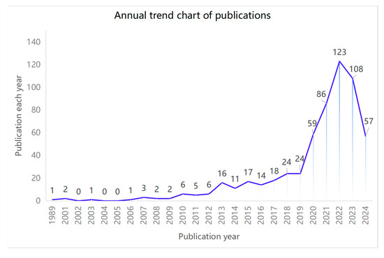 The Web of Science search yielded a total of 5932 papers, which were then refined through data cleaning to include 586 papers in the final analysis. These papers originated from 252 countries or regions, were published across 246 journals, and were authored by 2750 individuals. Figure 2 illustrates the annual publication trends, revealing a gradual increase in the number of papers on telemedicine for the elderly since the first paper in 1989, reaching 24 publications in 2019. Notably, there was a sharp rise in publications from 2020 to 2022, accounting for 64.16% (376/586) of all publications, despite a slight decrease in 2023. This four-year period exhibits a peak point in research output, with a significant focus on public health, health technology, and electronic health literacy in 2022, largely influenced by the COVID-19 pandemic. The annual publication numbers and trends are visually represented in Figure 2, providing a clear overview of the research landscape in this field.
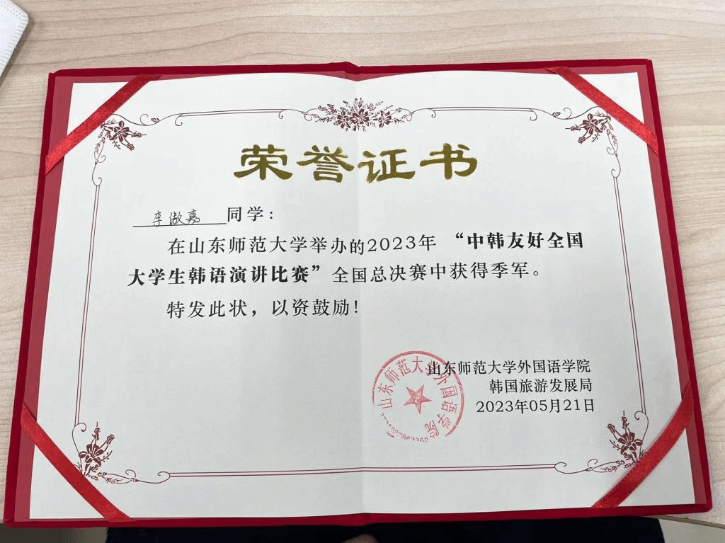 中韩友好全国大学生演讲比赛是由山东师范大学外国语学院举办,韩国学中央研究院和韩国旅游发展局协办的全国性重要赛事。
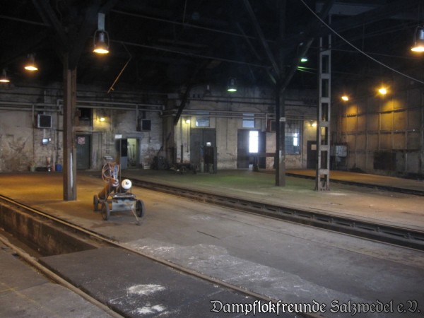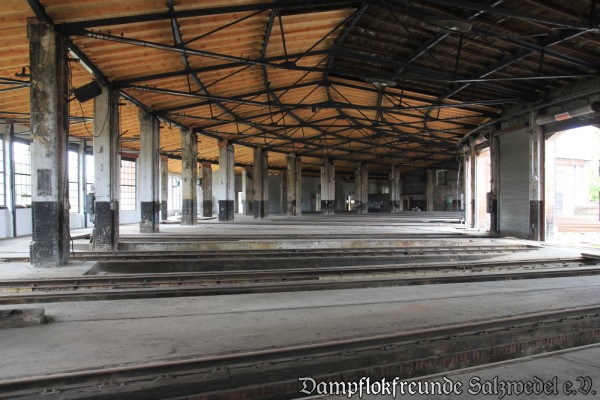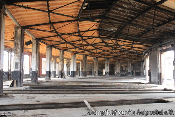 Darüber hinaus wurden die Rolltore, soweit derzeit möglich, geöffnet, um den Baumaschinen Platz zum Manövrieren zu schaffen. Im Schuppen wurde die alte Waschanlage nebst Heizrohren abgebaut und es wurde damit begonnen, das baufällige Dach sowie einen Anbau im Bereich des ehemaligen Schuppens I abzutragen.
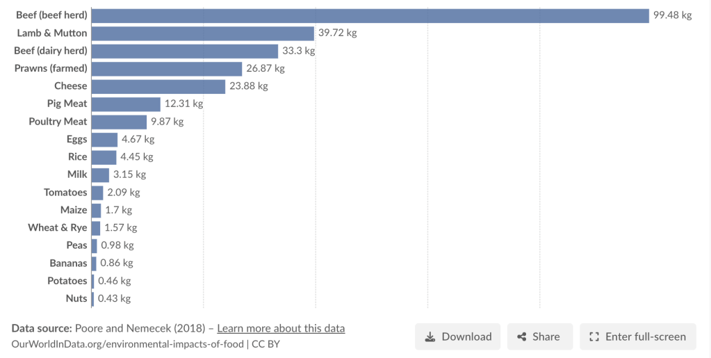 Consider this graph featured on the OurWorldinData website. Beef is the worst offender: generating almost three times more greenhouse gas per kilo than its nearest competitor: mutton. In fact, all of the top eight greenhouse producing foods are animal based. Not until we arrive at rice (twenty times less environmentally destructive per kilogram than beef) are any plant-based foods listed. Clearly, meat is terrible for our environment, and the implication is: anything else must be better. Right?
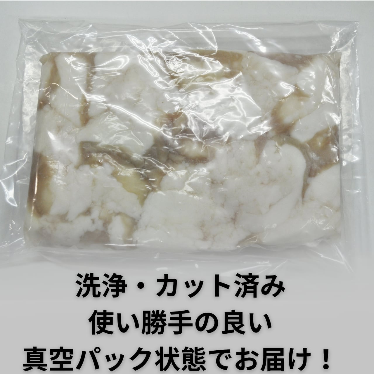丁寧に洗浄し、最適なサイズにカット済み。真空パック(500g×2)でお届けするので、ご家庭で手間なくすぐにお使いいただけます。
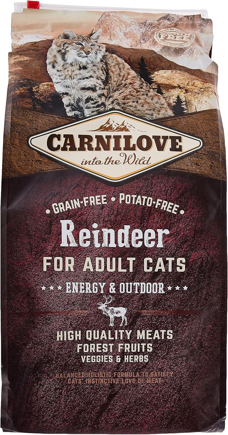 🦌 Carnilove Reindeer for Adult Cats – 6kg 🥩 Wild-Origin Protein for Active Cats Carnilove Reindeer for Adult Cats is a grain-free and potato-free dry food formulated to meet the nutritional needs of adult cats with access to the outdoors. It contains 28% reindeer meat meal and 28% wild boar meat meal, providing a rich source of high-quality protein essential for muscle development and overall health. 🌿 Natural Ingredients for Optimal Health Enriched with a blend of natural ingredients, this formula supports your cat’s health and well-being: Yellow peas (18%) – A source of plant-based protein and fiber for digestive health. Chicken fat (13%) – Provides essential fatty acids for skin and coat health. Chicken liver (4%) – Rich in vitamins and minerals for overall health. Salmon oil (2%) – A source of omega-3 fatty acids for heart and joint health. Apples, carrots, flaxseed, chickpeas – Provide vitamins, minerals, and antioxidants for immune support. Hydrolyzed crustacean shells & cartilage extract – Sources of glucosamine and chondroitin for joint health. Brewer’s yeast, chicory root, yucca schidigera, algae, psyllium, thyme, rosemary, oregano – Support digestive health and provide natural antioxidants. Cranberries, blueberries, raspberries – Provide antioxidants for urinary tract health.
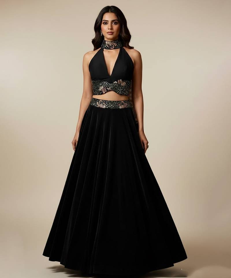Rich Velvet In Classic Black Creates A Luxurious Lehenga Set Enhanced By Intricate Embroidery. The Plush Texture Adds Depth And Warmth, Making It Ideal For Winter Weddings And Evening Events. Bold Yet Elegant, This Outfit Delivers Regal Charm With A Dramatic, Statement-Making Presence.
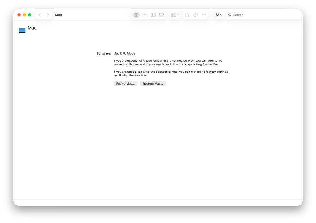 6. Configurator kullanıyorsanız ekranda çıkan DFU yazısının üzerine sağ tıkladığınızda açılan menüden Restore seçeneğini seçerek; Finder‘ı kullanıyorsanız da Restore Mac butonuna tıklayarak sorun yaşadığınız Mac’i sıfırlayarak yeniden macOS kurabilirsiniz.
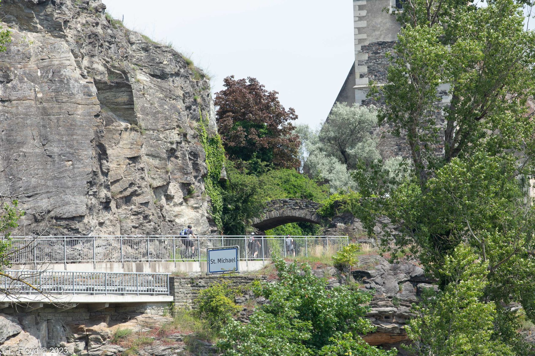 All too soon it was time to return to the Monarch Queen, which was about to begin the long journey to its next port of Aschach, the jumpoff point for the excursion to Salzburg. We climbed the same grand staircase which we had descended from the parking lot, and were bid farewell by the parting admonition carved in the stone in the midst of the steps: “Ankommen und du wirst H
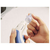 - Easy to use by heathcare professionals and patient satisfaction. Chamber regulates the output pressure to prevent damage to the tympanic membrane. Handle indicator will contrast in color when water is within 10 degrees of body temperature. Chamber automatic shut-off will shut off system if water reaches 110 degrees. Multi-functional disposable tip. Device can be moved easily from location to location via a storage tray. One-year warranty.
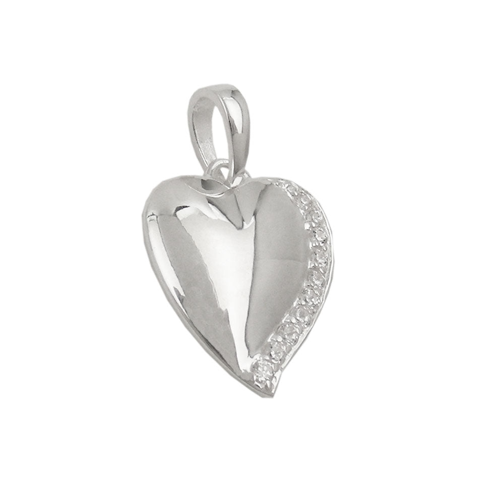 Pendant 16x14mm heart with zirconia shiny silver 925
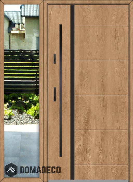 La puerta está hecha de acero inoxidable. En su interior está rellena de espuma de poliuretano PUR y madera. El grosor de la hoja de la puerta es de 64 mm. Posee un Sistema de Sellado Doble: Un sello se encuentra en la parte superior del marco y el otro en la parte de soporte de la hoja de la puerta. Reducen la vibración y protegen su casa de la pérdida de calor. No cambian su volumen bajo la influencia de las condiciones atmosféricas. El marco de la puerta tiene refuerzos antirrobo en partes de bisagras y puntos de cierre.
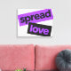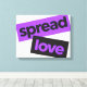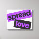 Modern, enkel, livfull och lekfull typografisk design av ett ordspråk som "Spread Kärlek" i lila och svart färg. Coola-, stads-, trendig- och fetstil i grafik
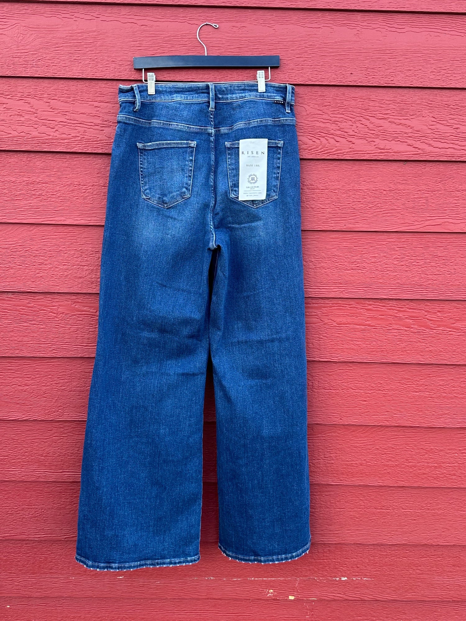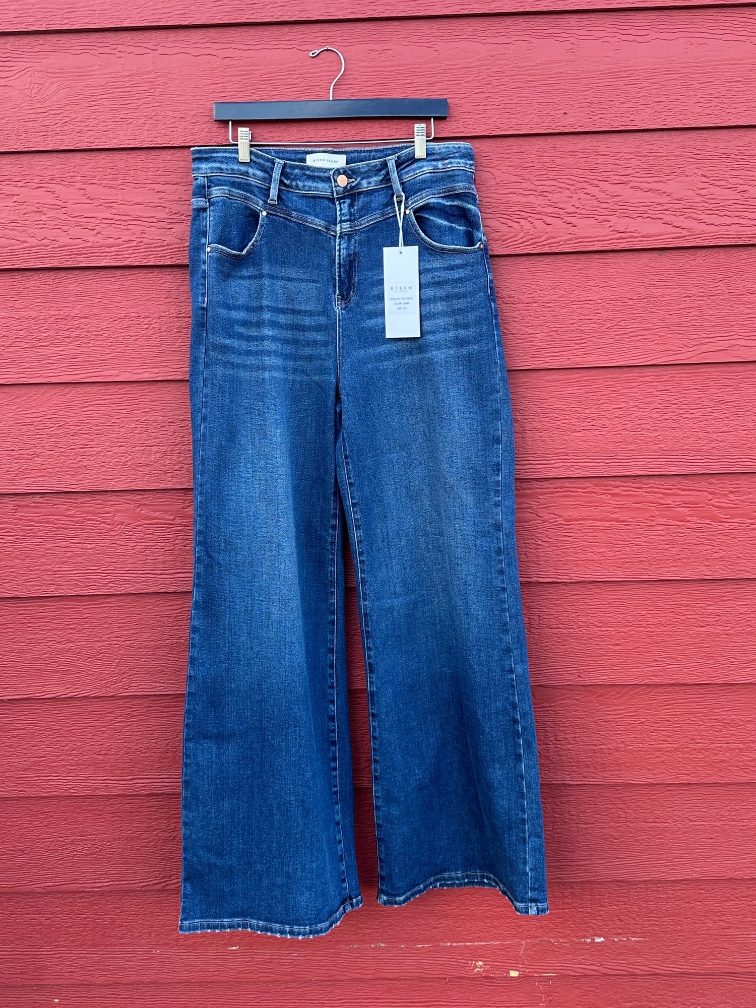 • Risen High Rise Wide Front Yoke Detailed Dark Wash Jeans

WHAT TO DO:
Out of the records above, return only the lines from the one with "Consider this graph" through the one with "丁寧に洗浄し、最適なサイズに", exactly, and none of the pictures.

REPLY:
 Consider this graph featured on the OurWorldinData website. Beef is the worst offender: generating almost three times more greenhouse gas per kilo than its nearest competitor: mutton. In fact, all of the top eight greenhouse producing foods are animal based. Not until we arrive at rice (twenty times less environmentally destructive per kilogram than beef) are any plant-based foods listed. Clearly, meat is terrible for our environment, and the implication is: anything else must be better. Right?
丁寧に洗浄し、最適なサイズにカット済み。真空パック(500g×2)でお届けするので、ご家庭で手間なくすぐにお使いいただけます。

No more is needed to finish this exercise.